_INSTRUCTIONS TO FOLLOW_
Please restate every line below exactly, without any pictures.

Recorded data
==================================================

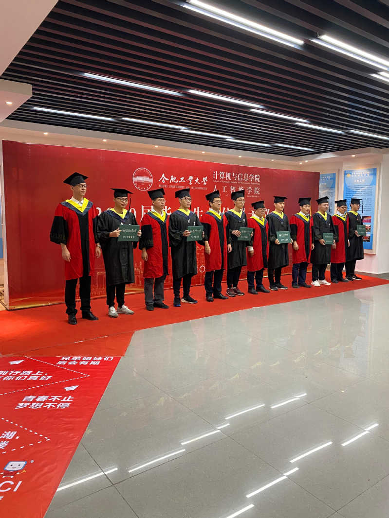 6月21日上午,在科教楼11楼隆重举行学院2020届学生毕业典礼暨学位授予仪式。学院党委书记年永琪、院长汪萌、副院长洪日昌、系主任齐美彬、安鑫和孙锐出席仪式。在神圣庄严的气氛中,毕业生们身着学士袍,依次走上登上受礼台,从老师手中接过学士学位证书,接受领导和老师拨穗正冠,授予学位。授予仪式结束后,学生们齐聚东风广场合影留念。随后,同学们纷纷前往专属的毕业纪念墙前,用一张张照片记录下自己的欢笑、祝福和感动。
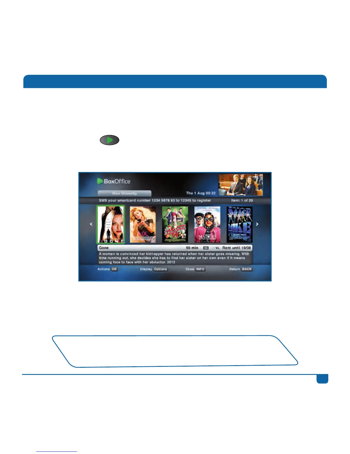 PresstheBOXOFFICE buttontogodirectlytotheselectionofavailablemovies.
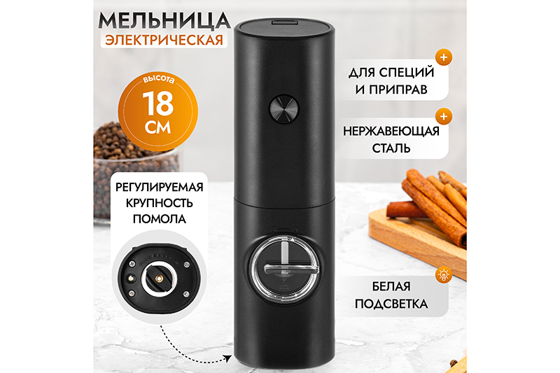 Электрическая мельница от бренда Elan Gallery станет практичным аксессуаром для вашего кухонного инвентаря. Выполнена из ABS-пластика. Он устойчив к воздействую влаги и перепадам температуры, благодаря чему электромельница долго прослужит вам, не теряя своей функциональности и эстетичности. Керамические жернова гарантируют деликатный и точный помол, подчёркивая вкус натуральных продуктов. Они не ржавеют, не впитывают запахи и не перегреваются при длительной работе. Изделие работает на 4 батарейках формата ААА (в комплект не входят!). Отделение для батареек располагается в верхней части прибора. Кнопка на корпусе отвечает за включение и выключение. Продукты за измельчения засыпаются в ёмкость через отверстие, прикрытое пластиковой крышкой. Она имеет два положения: открытое и закрытое. Для определения выбранного положения на контейнере имеются значки замков, а на крышке – указатель. В нижней части приспособления располагается ручка для регулирования степени помола: от крупного (coarse) до мелкого (fine). Рядом имеется лампочка белой светодиодной подсветки. Изделие поможет вам приправить любимые блюда солью, перцем, корицей, чесноком, луком и более экзотическими специями. В комплект входит подробная печатная инструкция. Поставляется в дизайнерской картонной коробке – благодаря ей вам не потребуется дополнительная подарочная упаковка. Электромельница от бренда Элан Галерея будет незаменимой принадлежностью и функциональным дополнением вашей бытовой утвари. Она сделает вкус готовых блюд насыщеннее и пикантнее, добавив особого удовольствия процессу готовки!
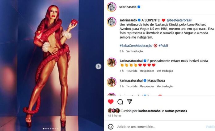 A apresentadora ainda surgiu com um outro look arrasador durante a noite: “A SERPENTE! Um releitura da foto de Nastassja Kinski, pelo ícone Richard Avedon, para Vogue US em 1981, mesmo ano em que nasci. Essa foto representa a liberdade e ousadia que a Vogue e a moda sempre me instigaram“, escreveu a japa em sua rede social.
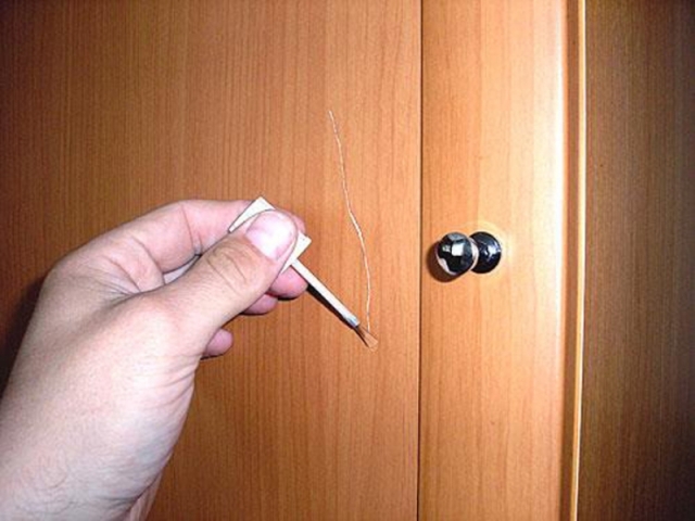 Как заделать скол на двери межкомнатной
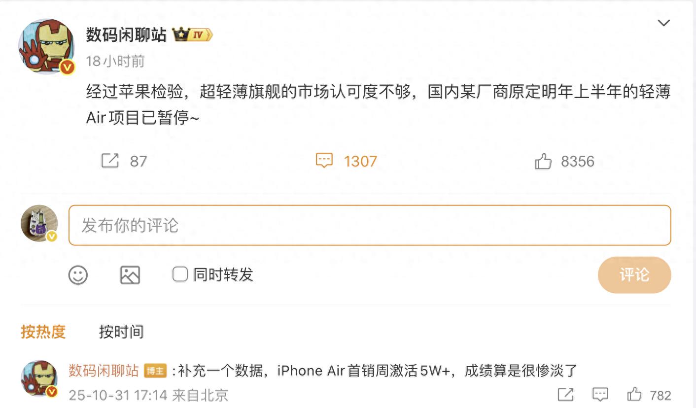 根據站哥的爆料,因為iPhone Air銷量慘淡,國內某廠商原定明年上半年的輕薄Air項目已暫停,看來國內市場對超輕薄旗艦的認可度還不夠。比較遺憾的是,目前暫未看到全球市場的數據和反應,所以iPhone Air是不是失敗的產品,暫時還沒辦法下定論。iPhone16e就是最好的證明,雖然在國內銷量很慘淡,但是海外市場表現還不錯,iPhone17e有望在明年春季如期開售。

==================================================

_SOLVED PROBLEM_
 6月21日上午,在科教楼11楼隆重举行学院2020届学生毕业典礼暨学位授予仪式。学院党委书记年永琪、院长汪萌、副院长洪日昌、系主任齐美彬、安鑫和孙锐出席仪式。在神圣庄严的气氛中,毕业生们身着学士袍,依次走上登上受礼台,从老师手中接过学士学位证书,接受领导和老师拨穗正冠,授予学位。授予仪式结束后,学生们齐聚东风广场合影留念。随后,同学们纷纷前往专属的毕业纪念墙前,用一张张照片记录下自己的欢笑、祝福和感动。
 PresstheBOXOFFICE buttontogodirectlytotheselectionofavailablemovies.
 Электрическая мельница от бренда Elan Gallery станет практичным аксессуаром для вашего кухонного инвентаря. Выполнена из ABS-пластика. Он устойчив к воздействую влаги и перепадам температуры, благодаря чему электромельница долго прослужит вам, не теряя своей функциональности и эстетичности. Керамические жернова гарантируют деликатный и точный помол, подчёркивая вкус натуральных продуктов. Они не ржавеют, не впитывают запахи и не перегреваются при длительной работе. Изделие работает на 4 батарейках формата ААА (в комплект не входят!). Отделение для батареек располагается в верхней части прибора. Кнопка на корпусе отвечает за включение и выключение. Продукты за измельчения засыпаются в ёмкость через отверстие, прикрытое пластиковой крышкой. Она имеет два положения: открытое и закрытое. Для определения выбранного положения на контейнере имеются значки замков, а на крышке – указатель. В нижней части приспособления располагается ручка для регулирования степени помола: от крупного (coarse) до мелкого (fine). Рядом имеется лампочка белой светодиодной подсветки. Изделие поможет вам приправить любимые блюда солью, перцем, корицей, чесноком, луком и более экзотическими специями. В комплект входит подробная печатная инструкция. Поставляется в дизайнерской картонной коробке – благодаря ей вам не потребуется дополнительная подарочная упаковка. Электромельница от бренда Элан Галерея будет незаменимой принадлежностью и функциональным дополнением вашей бытовой утвари. Она сделает вкус готовых блюд насыщеннее и пикантнее, добавив особого удовольствия процессу готовки!
 A apresentadora ainda surgiu com um outro look arrasador durante a noite: “A SERPENTE! Um releitura da foto de Nastassja Kinski, pelo ícone Richard Avedon, para Vogue US em 1981, mesmo ano em que nasci. Essa foto representa a liberdade e ousadia que a Vogue e a moda sempre me instigaram“, escreveu a japa em sua rede social.
 Как заделать скол на двери межкомнатной
 根據站哥的爆料,因為iPhone Air銷量慘淡,國內某廠商原定明年上半年的輕薄Air項目已暫停,看來國內市場對超輕薄旗艦的認可度還不夠。比較遺憾的是,目前暫未看到全球市場的數據和反應,所以iPhone Air是不是失敗的產品,暫時還沒辦法下定論。iPhone16e就是最好的證明,雖然在國內銷量很慘淡,但是海外市場表現還不錯,iPhone17e有望在明年春季如期開售。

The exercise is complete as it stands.